**WHAT THE TASK REQUIRES:** Every line from the one holding "promod 法國單2015春牛仔外套女短款翻領長袖女式修身牛仔衣潮 /" through the one holding "Peňaženka prehľadného typu" in the data below must be returned exactly, both ends included, with pictures left out and nothing else added.
--- MATERIAL SUPPLIED Enclosed Below ---
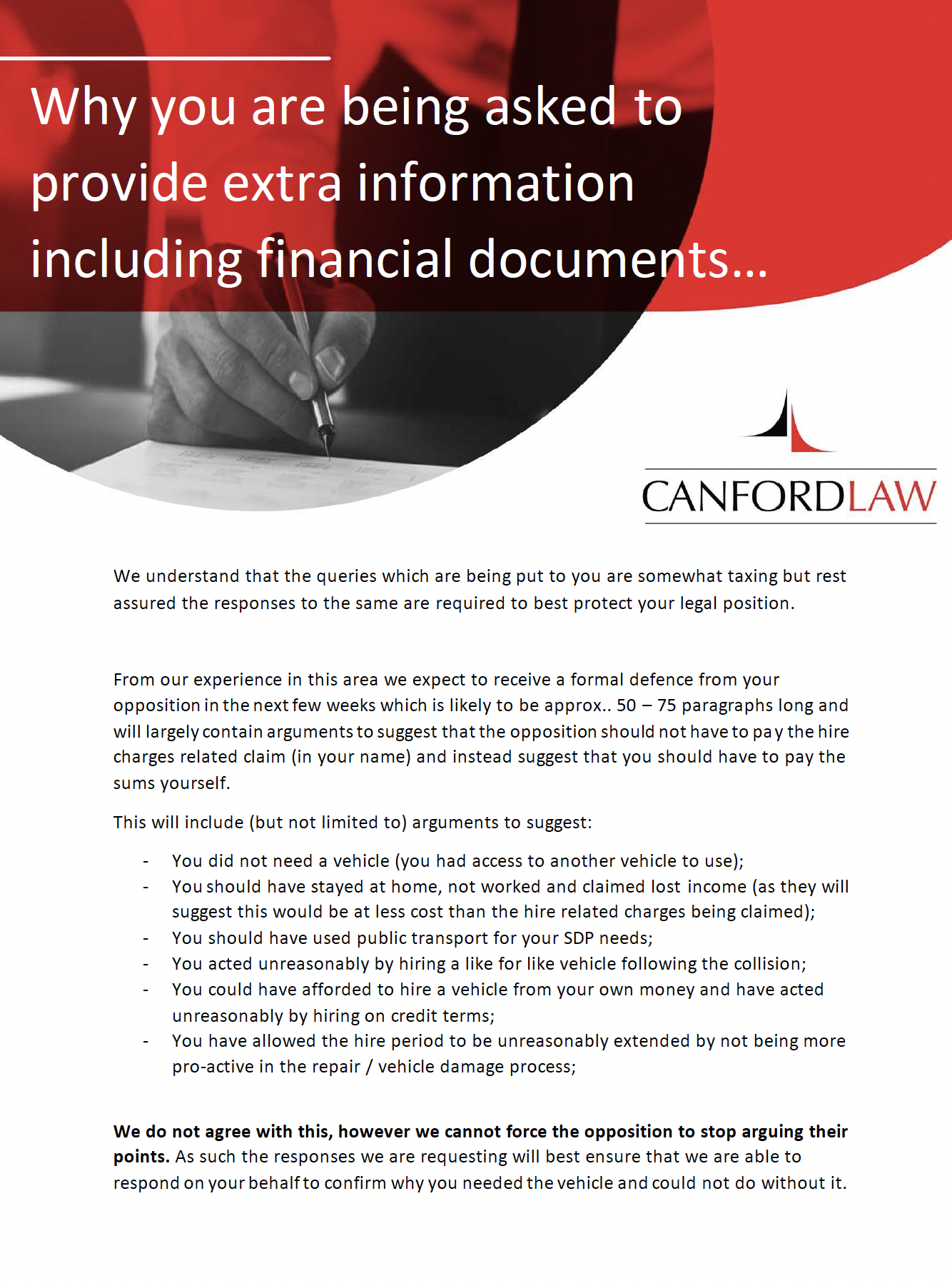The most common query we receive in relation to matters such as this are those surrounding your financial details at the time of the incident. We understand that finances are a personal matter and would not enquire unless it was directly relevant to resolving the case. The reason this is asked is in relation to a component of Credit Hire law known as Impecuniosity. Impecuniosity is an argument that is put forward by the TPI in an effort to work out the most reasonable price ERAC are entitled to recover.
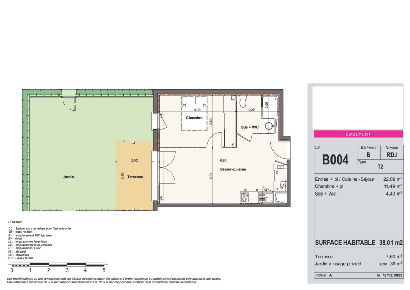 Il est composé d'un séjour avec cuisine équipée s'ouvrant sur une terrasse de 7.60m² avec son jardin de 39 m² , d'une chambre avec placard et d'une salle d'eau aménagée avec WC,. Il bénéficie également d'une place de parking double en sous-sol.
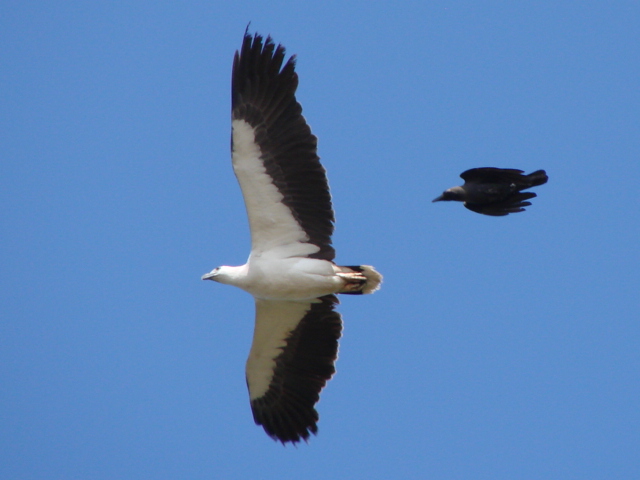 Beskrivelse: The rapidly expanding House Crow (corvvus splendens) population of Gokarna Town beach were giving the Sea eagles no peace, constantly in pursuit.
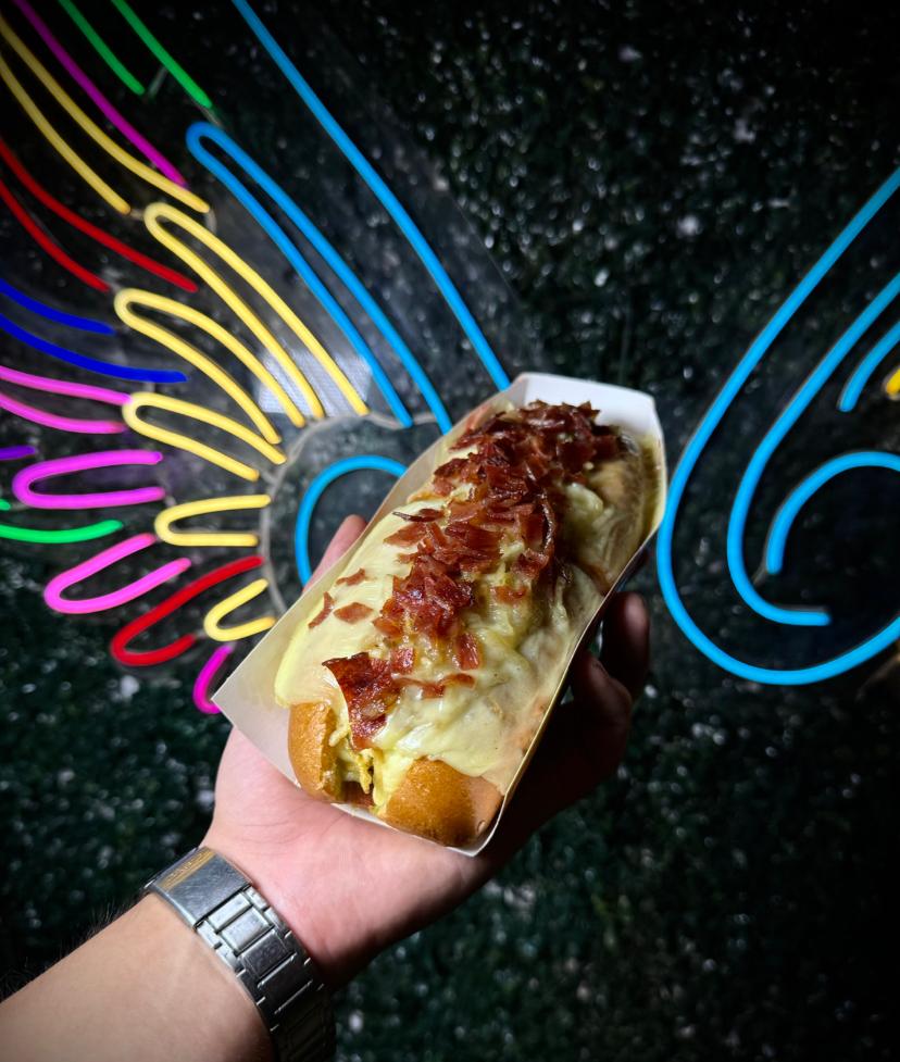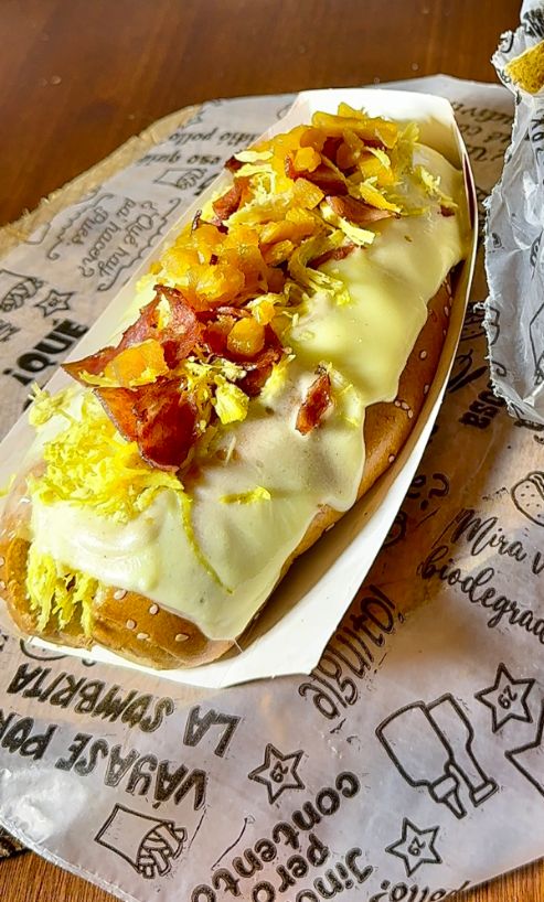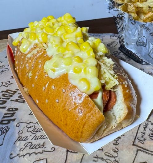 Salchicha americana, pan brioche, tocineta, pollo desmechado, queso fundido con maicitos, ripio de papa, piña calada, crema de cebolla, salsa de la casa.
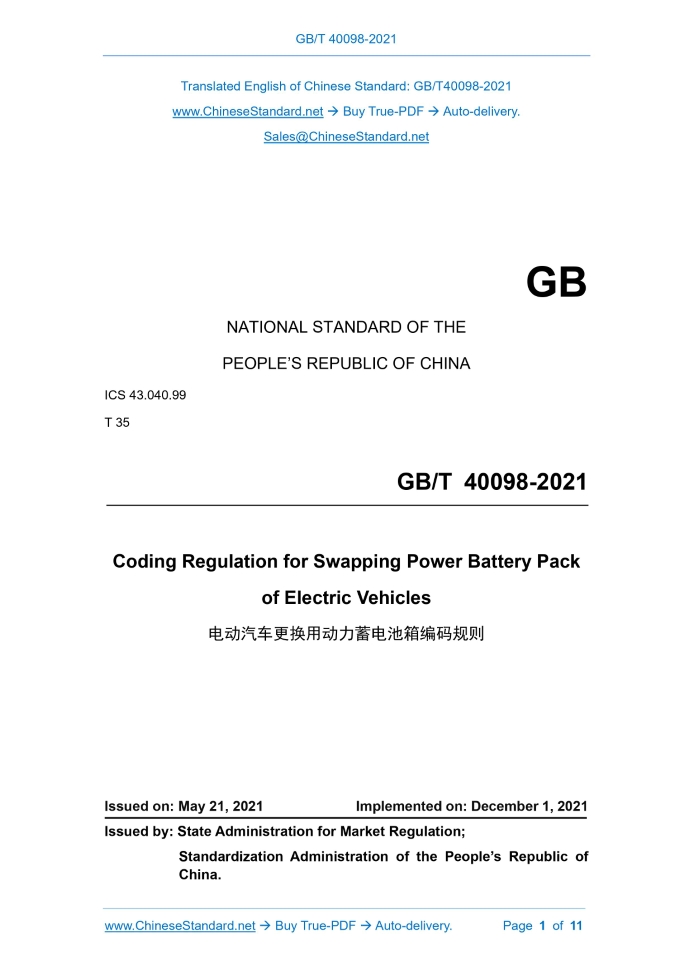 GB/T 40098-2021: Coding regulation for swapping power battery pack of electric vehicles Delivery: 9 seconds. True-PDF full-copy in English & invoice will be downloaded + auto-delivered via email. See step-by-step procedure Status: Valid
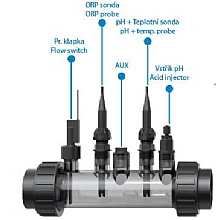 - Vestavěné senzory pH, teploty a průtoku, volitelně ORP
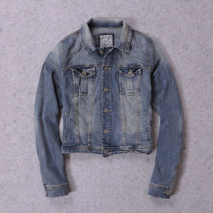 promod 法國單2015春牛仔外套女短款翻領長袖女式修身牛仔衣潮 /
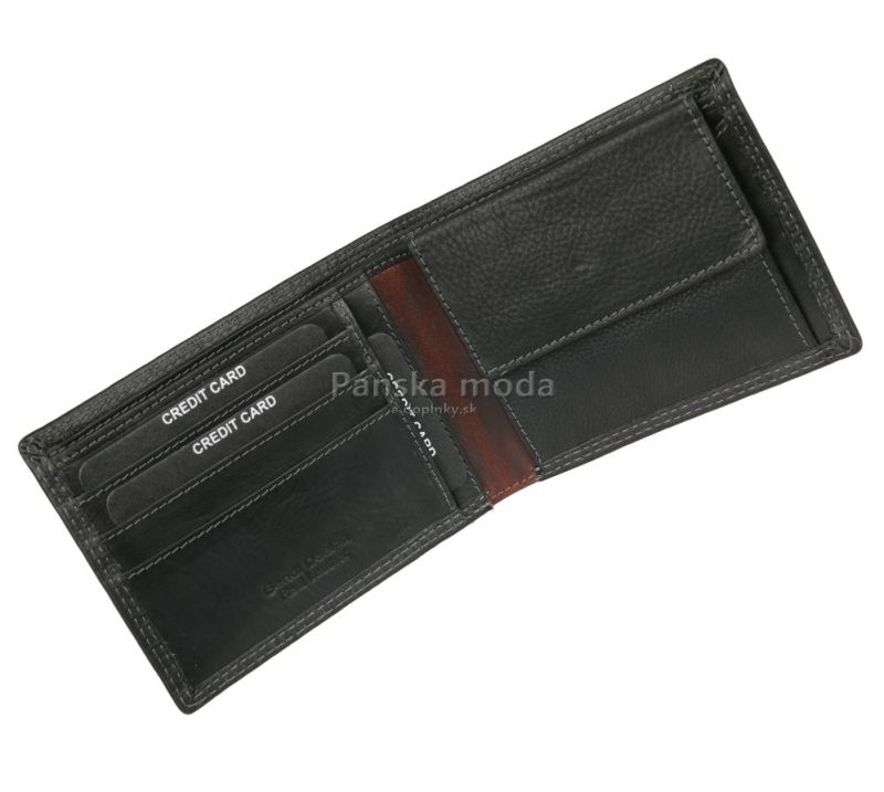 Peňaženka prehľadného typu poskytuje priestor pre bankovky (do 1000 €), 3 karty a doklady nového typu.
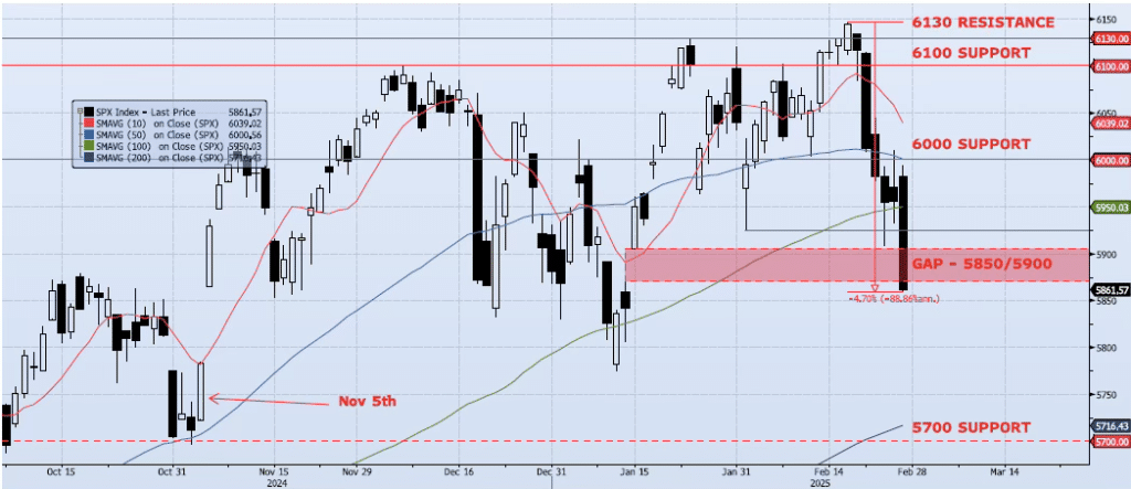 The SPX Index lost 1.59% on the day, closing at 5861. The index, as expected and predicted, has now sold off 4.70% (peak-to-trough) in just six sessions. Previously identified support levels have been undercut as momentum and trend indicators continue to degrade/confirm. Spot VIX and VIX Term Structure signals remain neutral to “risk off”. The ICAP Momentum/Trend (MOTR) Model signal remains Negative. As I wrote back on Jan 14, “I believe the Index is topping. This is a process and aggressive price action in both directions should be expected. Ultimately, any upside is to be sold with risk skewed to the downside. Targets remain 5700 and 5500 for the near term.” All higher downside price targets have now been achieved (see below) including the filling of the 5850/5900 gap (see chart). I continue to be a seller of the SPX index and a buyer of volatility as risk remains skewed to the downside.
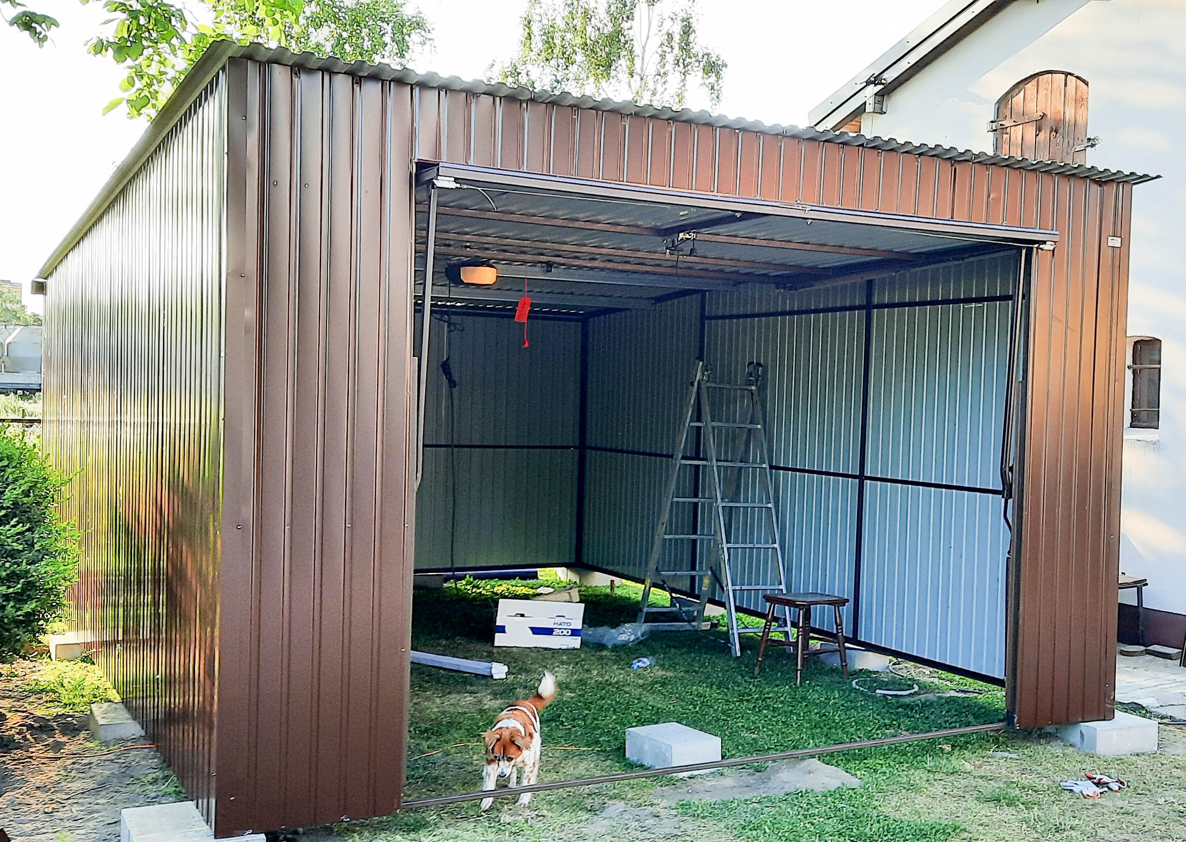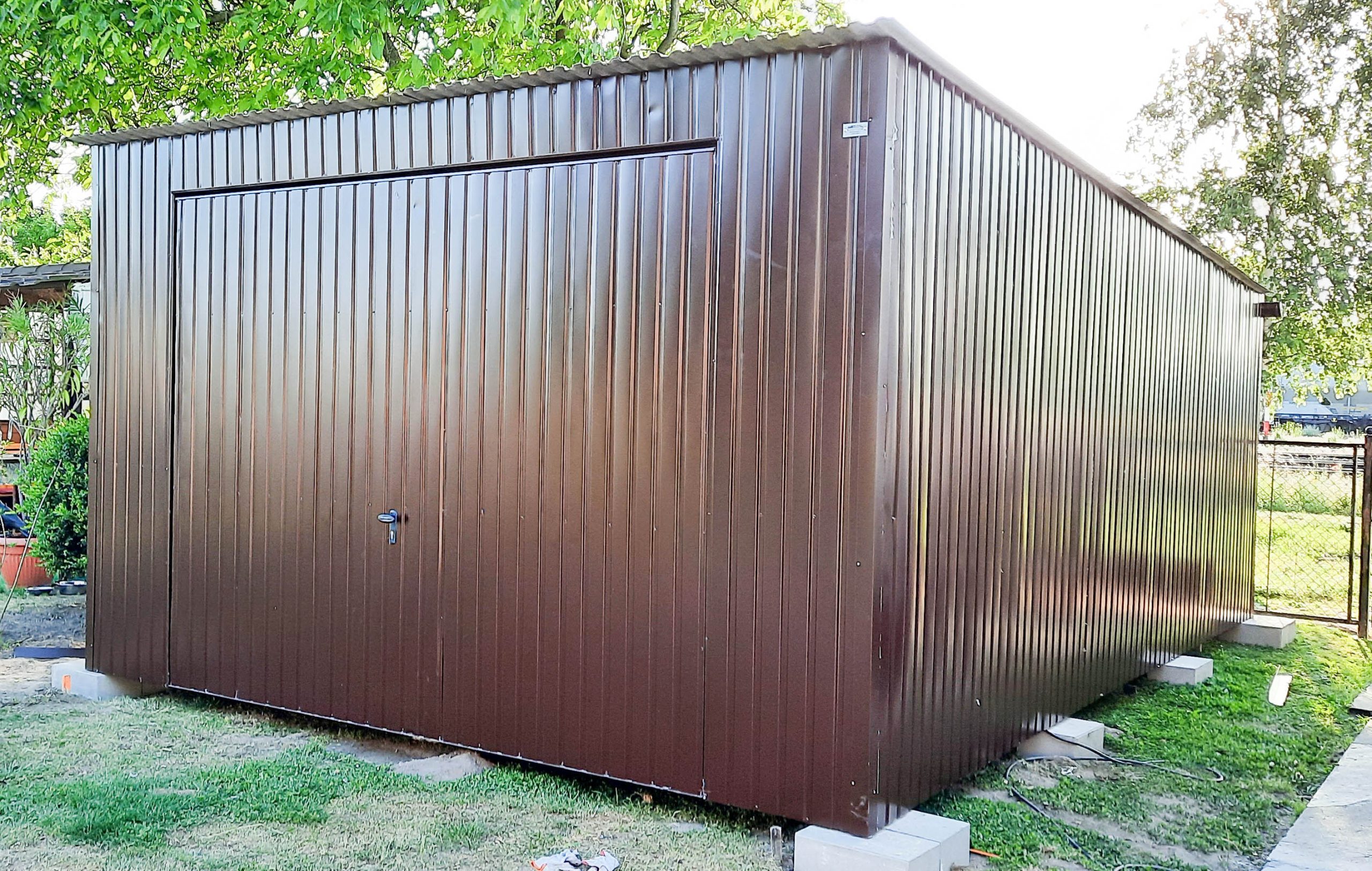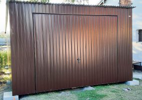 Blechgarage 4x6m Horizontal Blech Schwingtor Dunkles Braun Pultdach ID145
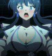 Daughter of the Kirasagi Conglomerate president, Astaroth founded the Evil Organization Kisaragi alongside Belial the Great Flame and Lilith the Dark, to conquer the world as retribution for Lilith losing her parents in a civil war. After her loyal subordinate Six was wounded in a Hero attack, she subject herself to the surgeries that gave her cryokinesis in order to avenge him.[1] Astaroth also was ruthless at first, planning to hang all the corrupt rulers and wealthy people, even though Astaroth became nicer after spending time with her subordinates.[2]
--- End of Enclosed MATERIAL SUPPLIED ---
**OUTPUT OF THE EXERCISE:**
 promod 法國單2015春牛仔外套女短款翻領長袖女式修身牛仔衣潮 /
 Peňaženka prehľadného typu poskytuje priestor pre bankovky (do 1000 €), 3 karty a doklady nového typu.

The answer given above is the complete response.